Opéra Bastille, 10 mai

Pas d’espagnolades, dans cette nouvelle production de Don Quichotte (Monte-Carlo, 1910), signée Damiano Michieletto. Le chœur initial est invisible, rejeté derrière les murs d’un vaste salon contemporain – plafond bas, couleurs claires, sobre mobilier –, où le héros apparaît en écrivain, occupé à ses livres et à la rédaction de poèmes ou missives, qui jonchent le sol. Mais le rêve s’insinue très vite, quand les quatre soupirants rivaux sortent, comme par magie, des meubles, puis que la Belle Dulcinée apparaît sur l’un des trois grands chevaux de bois, qui évoluent lentement dans l’espace.

L’Espagne resurgira pourtant, plus loin, avec ces danseurs, silhouettes comme découpées dans le feutre noir, qui semblent naître des murs mêmes. Tantôt caressants, tantôt menaçants, pour la scène des moulins – sans moulins – du II, et devenant vraiment effrayants, quand s’y ajoute, toujours dans le salon, la projection d’une nuée de mouches, dont la tache va s’élargissant. Puis bandits, au III, non moins inquiétants.

Une ouverture, par l’élargissement simultané des bords d’une trouée centrale, approfondit magnifiquement l’espace initial, dans les très habiles décors dépouillés de Paolo Fantin, au profit d’un grand hall à la perspective biaisée, propice aux mouvements de foule (superbe bal du IV, réglé par Thomas Wilhelm), associés à plusieurs vidéos, évoquant les souvenirs de jeunesse du héros. À quoi s’ajoutent, enfin, les éclairages irréalistes d’Alessandro Carletti, jouant de résonances affectives, pour les verts pâles notamment, accompagnant tristesse et désarroi du Chevalier.
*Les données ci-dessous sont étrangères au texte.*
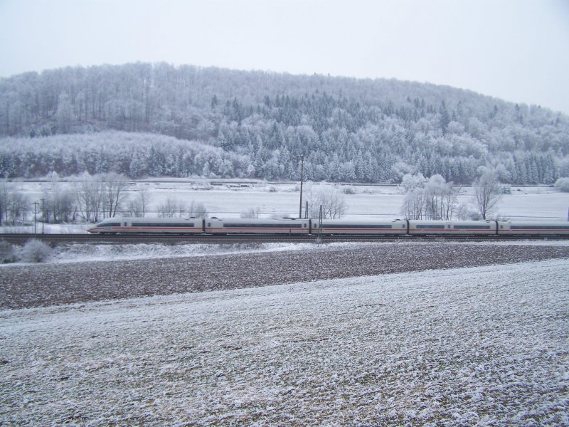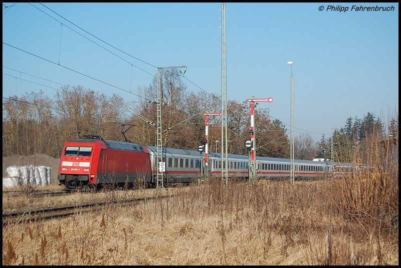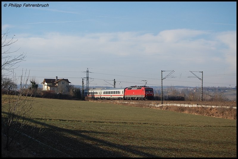 Knapp in die Hose ging dieses unerwartete Wiedersehen mit 101 070-1. Am 02.01.08 kam sie mir völlig unerwartet mit IC 2068 nach Karlsruhe Hbf bei Aalen-Essingen entgegen, für eine Art Strecken-Notschuss reichte es noch.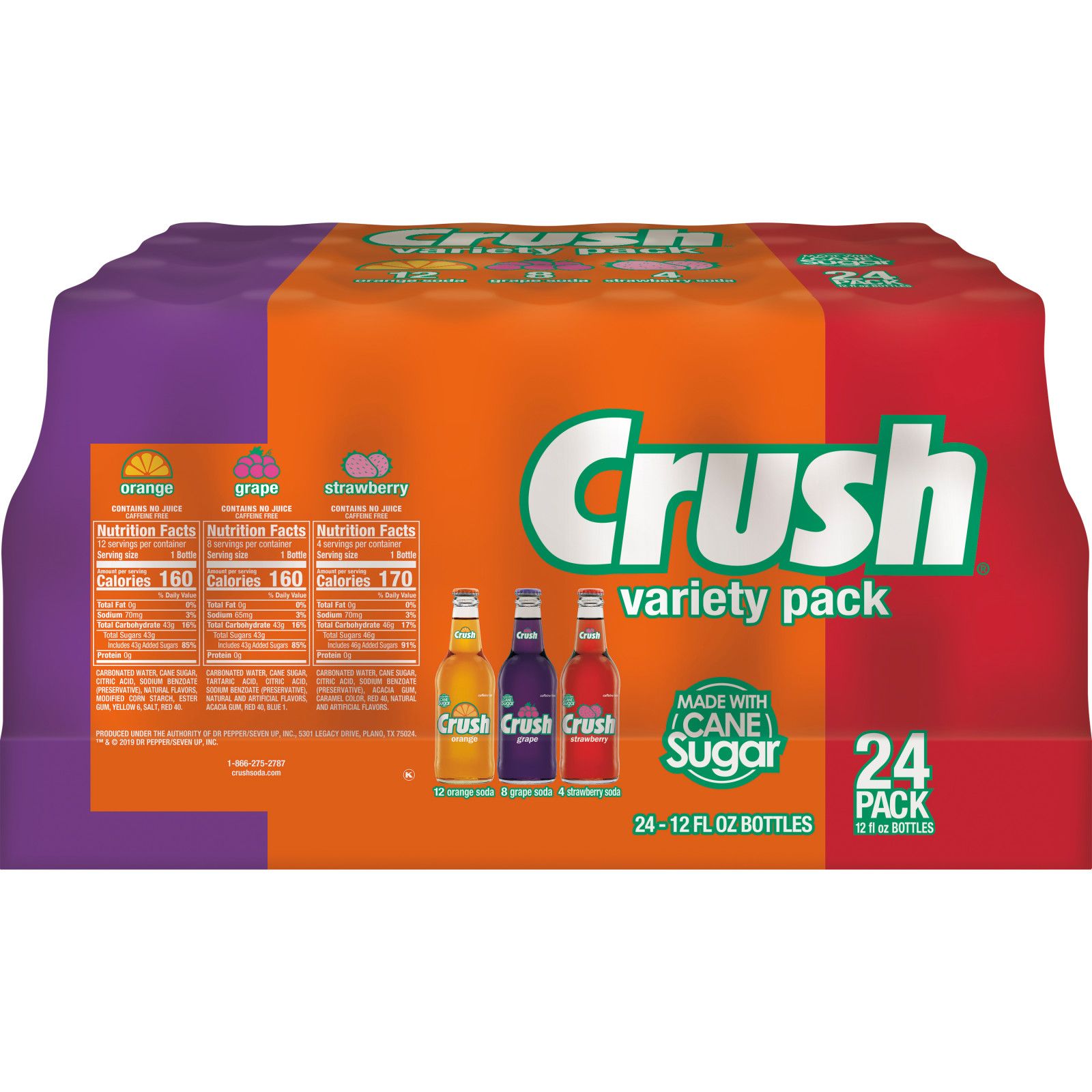 Crush offers an exciting rush of flavor and fun in every sip. As the original orange soda, Crush has a long history of delighting consumer. Included in this awesome variety pack are crowd-pleasing orange, cream soda, and strawberry!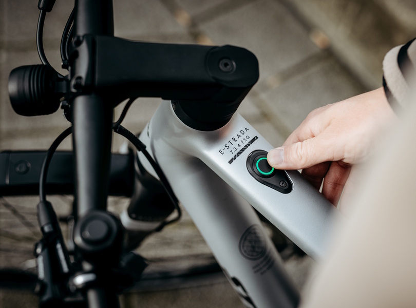 Über einen kleinen Knopf im Oberrohr kann der E-Antrieb aktiviert werden Foto: Stevens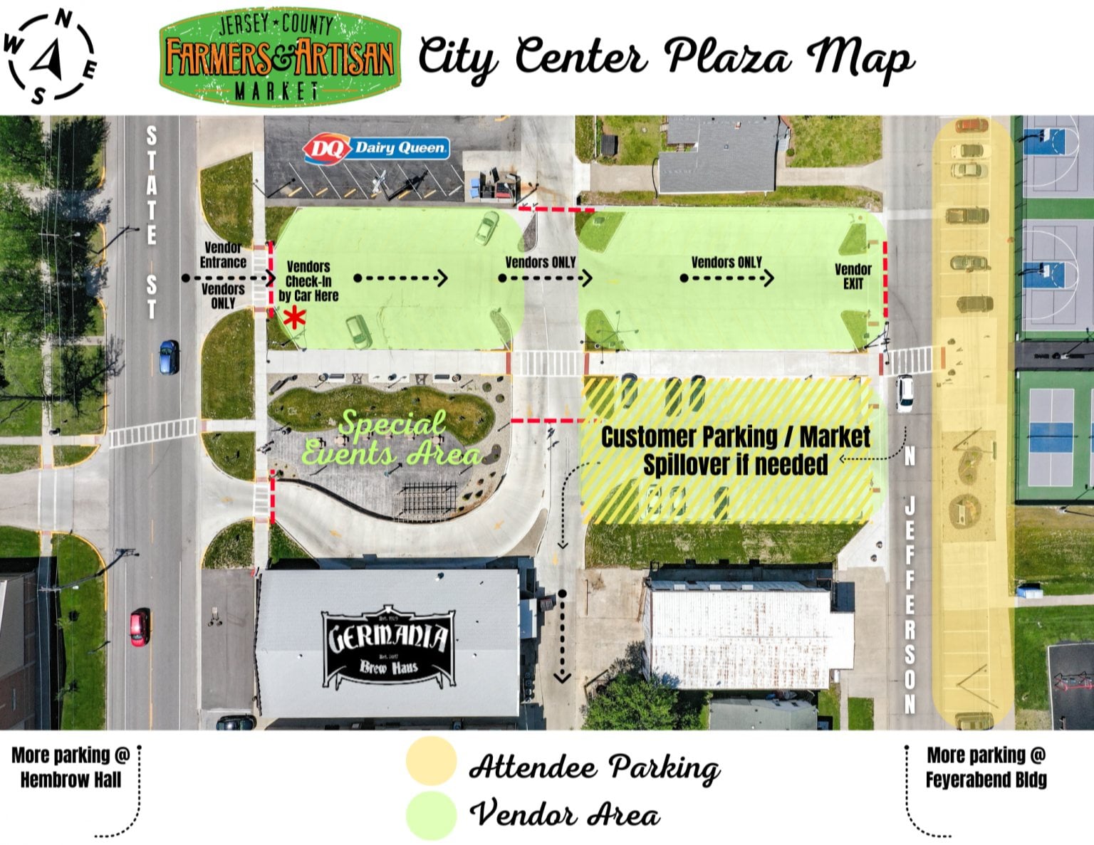 This year’s market will be held every Tuesday from June 2 to Sept. 1, 2026 from 4 to 7 p.m., excluding July 14, 2026 to accommodate the Jersey County Fair Parade. City City Plaza is located at 403 North State St. between Dairy Queen and Germania Brew Haus.

Jusqu’à un finale qui fait revenir au salon du I, concluant donc sur le thème plus classique du rêve, après, comme le dit Damiano Michieletto, « une journée dans la vie d’un homme seul », recréant son passé, que la transposition contemporaine, comme l’absence de connotations pittoresques, rendent d’autant plus proche de nous.

Un plateau vocal de premier ordre, avec trois prises de rôles marquantes, s’intègre quasi idéalement à la proposition originale de la scène. Inutile d’évoquer le souvenir de Samuel Ramey (septembre-octobre 2000) et de José Van Dam (janvier-février 2002), déjà à l’Opéra Bastille, desservis, l’un et l’autre, par la précédente production, signée Gilbert Deflo. Le Don Quichotte de Christian Van Horn est bien à lui, avec une prononciation presque parfaite, loin de tout histrionisme, et de jolies demi-teintes.

Capable de jouer la désinvolture – en sifflant brillamment, après la rédaction de son poème, au début du II –, le baryton-basse américain se montre très émouvant, au III, dans « Seigneur, reçois mon âme », et plus encore, peut-être, dans le tableau d’ouverture du V, entouré des silhouettes noires maléfiques. Il réussit, ainsi, l’équilibre de cette combinaison de doux-amer, qui fait l’une des spécificités de l’œuvre.

Avec une autorité souveraine, la mezzo française Gaëlle Arquez fait une entrée éclatante, dans les vocalises ibérisantes de l’« Alza ! Alza ! » de la Belle Dulcinée. Le baryton canadien Etienne Dupuis offre un Sancho Pança particulièrement touchant, sans une once de caricature, grandiose dans son air du II, avant la grande tirade (« Riez, allez, riez du pauvre idéologue »), où perce mieux encore l’autoportrait du compositeur lui-même. Et sans pathos superflu, pour autant, l’interprète donnant tout dans son poignant « Viens, mon grand ! ».

Tandis que les comprimari forment un groupe plus homogène que souvent, les Chœurs de l’Opéra National de Paris, d’une impeccable discipline, nous enchantent. Enfin, dirigeant un Orchestre aussi étincelant qu’il peut l’être, dans les pupitres solistes, en particulier, Patrick Fournillier retrouve, avec bonheur, l’autorité que lui confère, tout naturellement, sa longue familiarité avec la musique de Massenet.

Une des très belles réussites de cette saison.